Samar-samar saya ingat saat Pae dibawa ke pemakaman, Lek Sih membawa saya juga ikut ke pemakaman. Kami tidak masuk. Hanya di luar pagar. Lek Sih mungkin ingin memberikan kenangan yang tidak akan terulang itu buat saya. Meskipun tentu otak mungil saya belum bisa menympan semua detailnya dengan baik. Semua samar-samar. Termasuk isak Lek Sih yang terdengar samar-samar. Dia pindahkan tubuh saya dari punggungnya ke depan. Dia peluk saya tanpa berkata-kata. Saya juga dulu tidak tahu apa maksudnya. Saya baru tahu setelah saya dewasa.

Kenangan lain tentang Lek Sih yang paling saya ingat adalah, ketika Lek Sih harus menggendong saya sambil berlari sebab rumah kami dimasuki Dayat. Dayat adalah salah satu dari 2 orang gila yang sering wira-wiri di jalan-jalan kampung kami. Satu lagi namanya Lek Manah. Berbeda dengan Lek Manah yang cenderung banyak bicara dan ramah, Dayat itu misterius. Dia diam. Berjalan diam dan menatap ke depan kosong. Meskipun tidak pernah ada catatan dia pernah menggangu atau menjahati orang lain, Dayat tetaplah bukan orang yang akan diterima baik di rumah siapapun. Maka ketika siang itu saya sednag tidur, lalu Dayat masuk ke rumah, Lek Sih langsung menggendong saya dan berlari menjauh dari rumah. Dia pasti sangat ketakutan. 

Setelah saya besar, hingga setua ini, Lek Sih masih menganggap saya anak kecil. Dia akan melayani saya. Mijitin, membuatkan minum, atau apapun. Saya justru berfikir dia tidak ingin kami bersitatap lama-lama. Sebab jika itu terjadi, Lek Sih akan menangis. Lek Sih mudah sekali memangis setiap ketemu saya.

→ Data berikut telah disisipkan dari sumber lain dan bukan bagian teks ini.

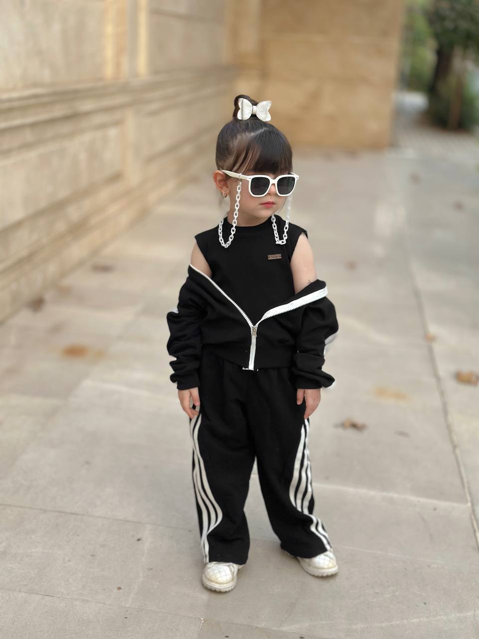 اگر به دنبال لباسی خاص و متفاوت برای دختر کوچولوی شیک‌پوش خود هستید، این ست سویشرت و شلوار باکسی اسپرت دخترانه دونخ بهترین انتخاب است.ترکیب طراحی اسپرت با طرح سه خط جذاب، به این ست ظاهری خاص و مدرن بخشیده است. راهنمای سایز پایین صفحه

Dia seperti sedang membuka album-album rekaman kenangan masa kecil saya bersamanya. Kadang dia menangis sambil tertawa menceritakan betapa lucunya saya dulu. Lalu tiba-tiba dia akan menunduk dalam dan kehabisan kata-kata, sambil memegangi tangan saya.

Di hadapan Lek Sih saya juga mendadak berubah menjadi anak-anak yang ingin dimanja. Saya merasa aman bersamanya. Saya tahu, ada nama saya di bait-bait doa yang dia lantunkan tiap malam. Mungkin kadang nama saya tak dia sebut setiap hari, tapi ada doa-doa dia yang ikut membentangkan jalan di depan saya. Dia adalah orang yang mewarnai, menemani, mendukung dan melindungi saya sejak kecil hingga setua ini.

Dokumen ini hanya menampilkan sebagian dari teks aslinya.